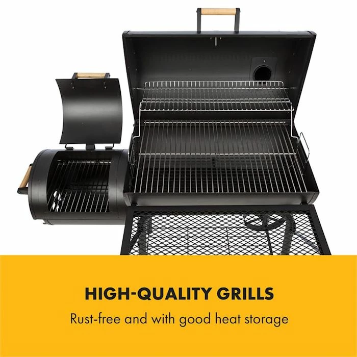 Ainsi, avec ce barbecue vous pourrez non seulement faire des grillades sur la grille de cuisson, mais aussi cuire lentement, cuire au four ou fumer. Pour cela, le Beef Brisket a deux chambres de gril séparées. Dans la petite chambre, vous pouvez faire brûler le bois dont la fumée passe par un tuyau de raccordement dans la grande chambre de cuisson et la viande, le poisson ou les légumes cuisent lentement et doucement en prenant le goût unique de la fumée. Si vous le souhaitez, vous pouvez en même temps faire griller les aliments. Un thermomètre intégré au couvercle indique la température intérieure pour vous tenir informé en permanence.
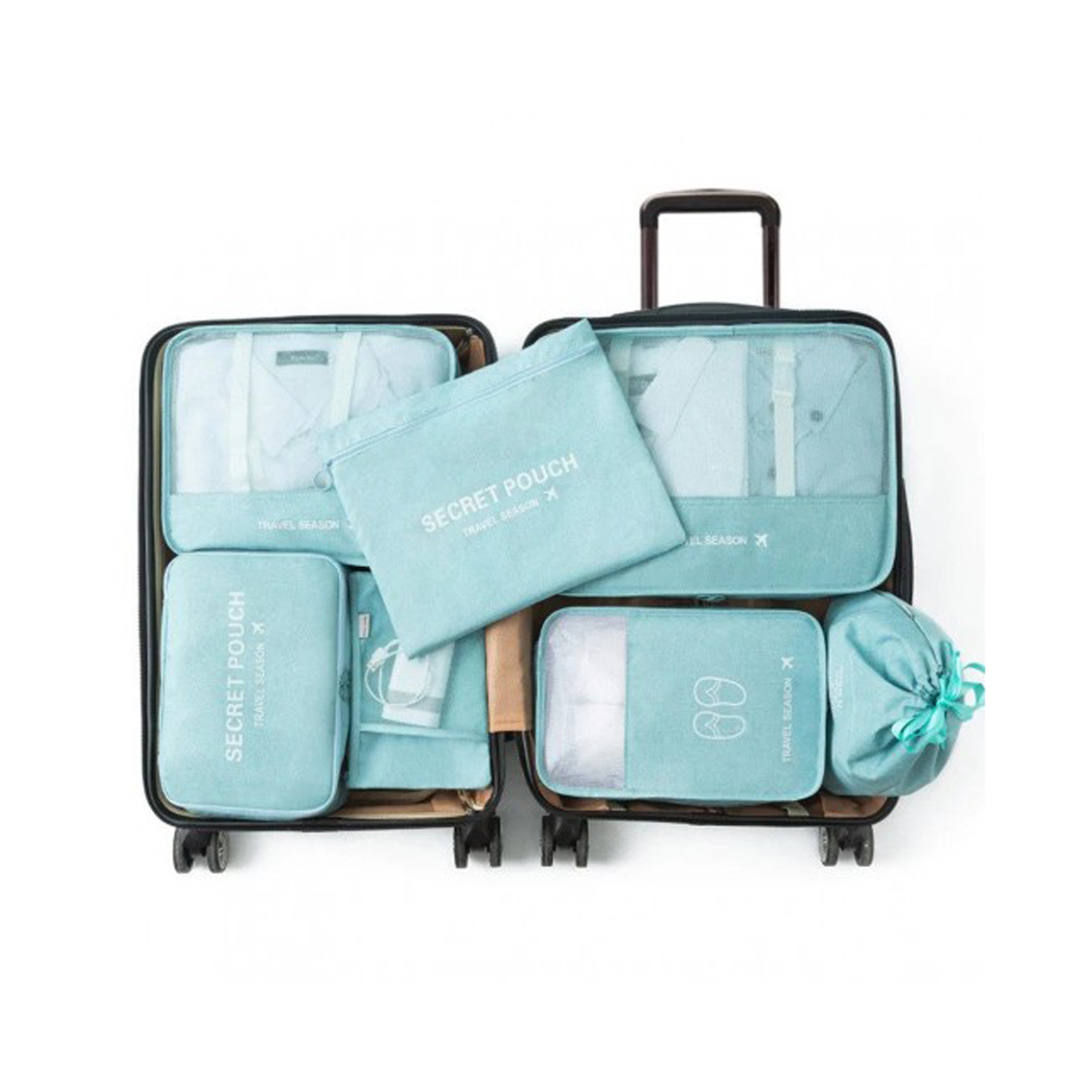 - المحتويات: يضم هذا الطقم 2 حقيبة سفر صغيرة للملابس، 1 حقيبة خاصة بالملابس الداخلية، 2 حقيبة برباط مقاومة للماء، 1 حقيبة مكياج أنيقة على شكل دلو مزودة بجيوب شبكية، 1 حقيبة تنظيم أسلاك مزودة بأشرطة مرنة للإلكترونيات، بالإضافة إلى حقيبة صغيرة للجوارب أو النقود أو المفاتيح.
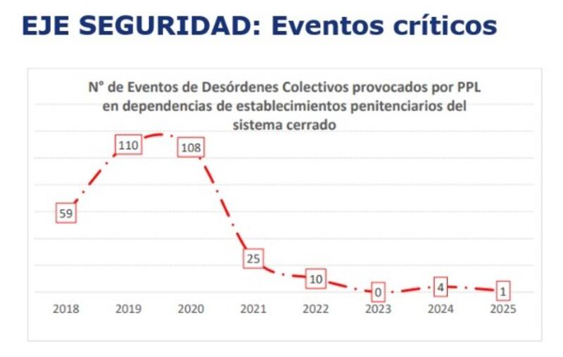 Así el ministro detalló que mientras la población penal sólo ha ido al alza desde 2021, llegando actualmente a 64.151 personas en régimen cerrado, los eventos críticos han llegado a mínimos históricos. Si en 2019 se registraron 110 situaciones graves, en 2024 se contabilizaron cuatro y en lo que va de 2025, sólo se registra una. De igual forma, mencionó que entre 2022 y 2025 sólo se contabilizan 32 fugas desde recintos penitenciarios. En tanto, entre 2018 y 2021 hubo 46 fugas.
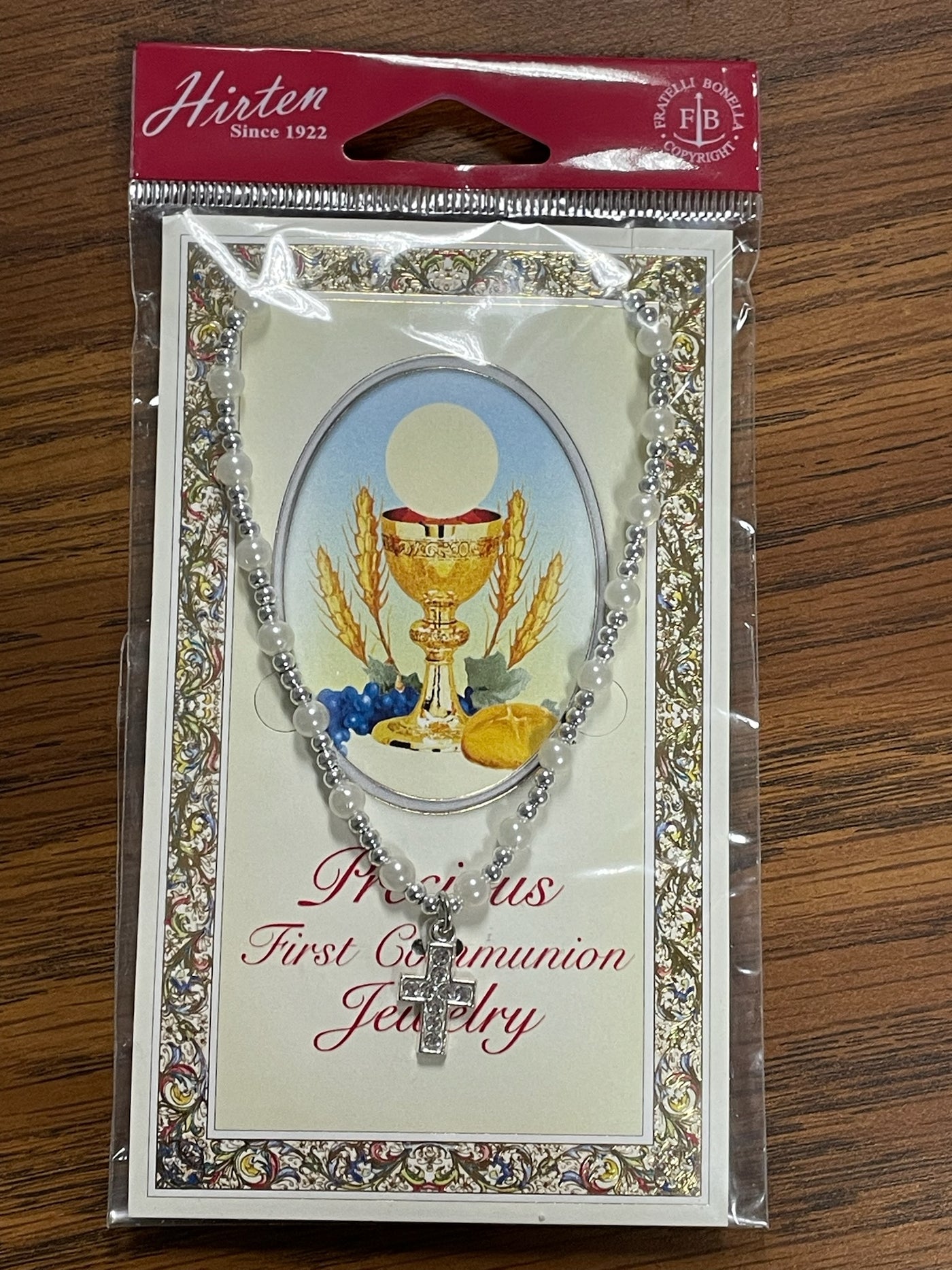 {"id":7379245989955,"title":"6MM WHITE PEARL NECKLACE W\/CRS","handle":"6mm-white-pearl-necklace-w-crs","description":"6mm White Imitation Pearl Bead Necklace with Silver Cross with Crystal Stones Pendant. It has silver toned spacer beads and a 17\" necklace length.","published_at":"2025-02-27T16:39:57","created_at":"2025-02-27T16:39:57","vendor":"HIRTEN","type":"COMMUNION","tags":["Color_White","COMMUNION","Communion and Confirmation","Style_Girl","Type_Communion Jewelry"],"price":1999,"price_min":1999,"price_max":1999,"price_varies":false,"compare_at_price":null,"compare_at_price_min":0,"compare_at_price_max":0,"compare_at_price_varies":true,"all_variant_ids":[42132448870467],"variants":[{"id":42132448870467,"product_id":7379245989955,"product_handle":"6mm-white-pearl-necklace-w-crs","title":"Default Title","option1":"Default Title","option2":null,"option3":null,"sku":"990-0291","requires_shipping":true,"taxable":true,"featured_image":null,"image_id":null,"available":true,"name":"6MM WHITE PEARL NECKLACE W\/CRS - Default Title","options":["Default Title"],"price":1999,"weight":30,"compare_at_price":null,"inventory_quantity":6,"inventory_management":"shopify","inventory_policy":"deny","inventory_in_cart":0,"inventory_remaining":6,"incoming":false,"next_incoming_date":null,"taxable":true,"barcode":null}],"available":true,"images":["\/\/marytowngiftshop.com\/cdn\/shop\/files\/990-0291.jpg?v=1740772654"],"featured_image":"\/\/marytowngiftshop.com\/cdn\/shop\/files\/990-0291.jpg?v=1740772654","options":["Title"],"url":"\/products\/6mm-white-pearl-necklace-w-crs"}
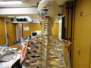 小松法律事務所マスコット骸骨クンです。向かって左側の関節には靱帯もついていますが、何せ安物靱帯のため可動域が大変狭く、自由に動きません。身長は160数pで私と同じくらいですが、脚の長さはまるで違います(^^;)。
···
**WHAT TO DO**
Please output the listing above exactly from its first line through the line with "Así el ministro", both included, and nothing beyond that line. Omit pictures.

**ANSWER TO THE PROBLEM**
 Ainsi, avec ce barbecue vous pourrez non seulement faire des grillades sur la grille de cuisson, mais aussi cuire lentement, cuire au four ou fumer. Pour cela, le Beef Brisket a deux chambres de gril séparées. Dans la petite chambre, vous pouvez faire brûler le bois dont la fumée passe par un tuyau de raccordement dans la grande chambre de cuisson et la viande, le poisson ou les légumes cuisent lentement et doucement en prenant le goût unique de la fumée. Si vous le souhaitez, vous pouvez en même temps faire griller les aliments. Un thermomètre intégré au couvercle indique la température intérieure pour vous tenir informé en permanence.
 - المحتويات: يضم هذا الطقم 2 حقيبة سفر صغيرة للملابس، 1 حقيبة خاصة بالملابس الداخلية، 2 حقيبة برباط مقاومة للماء، 1 حقيبة مكياج أنيقة على شكل دلو مزودة بجيوب شبكية، 1 حقيبة تنظيم أسلاك مزودة بأشرطة مرنة للإلكترونيات، بالإضافة إلى حقيبة صغيرة للجوارب أو النقود أو المفاتيح.
 Así el ministro detalló que mientras la población penal sólo ha ido al alza desde 2021, llegando actualmente a 64.151 personas en régimen cerrado, los eventos críticos han llegado a mínimos históricos. Si en 2019 se registraron 110 situaciones graves, en 2024 se contabilizaron cuatro y en lo que va de 2025, sólo se registra una. De igual forma, mencionó que entre 2022 y 2025 sólo se contabilizan 32 fugas desde recintos penitenciarios. En tanto, entre 2018 y 2021 hubo 46 fugas.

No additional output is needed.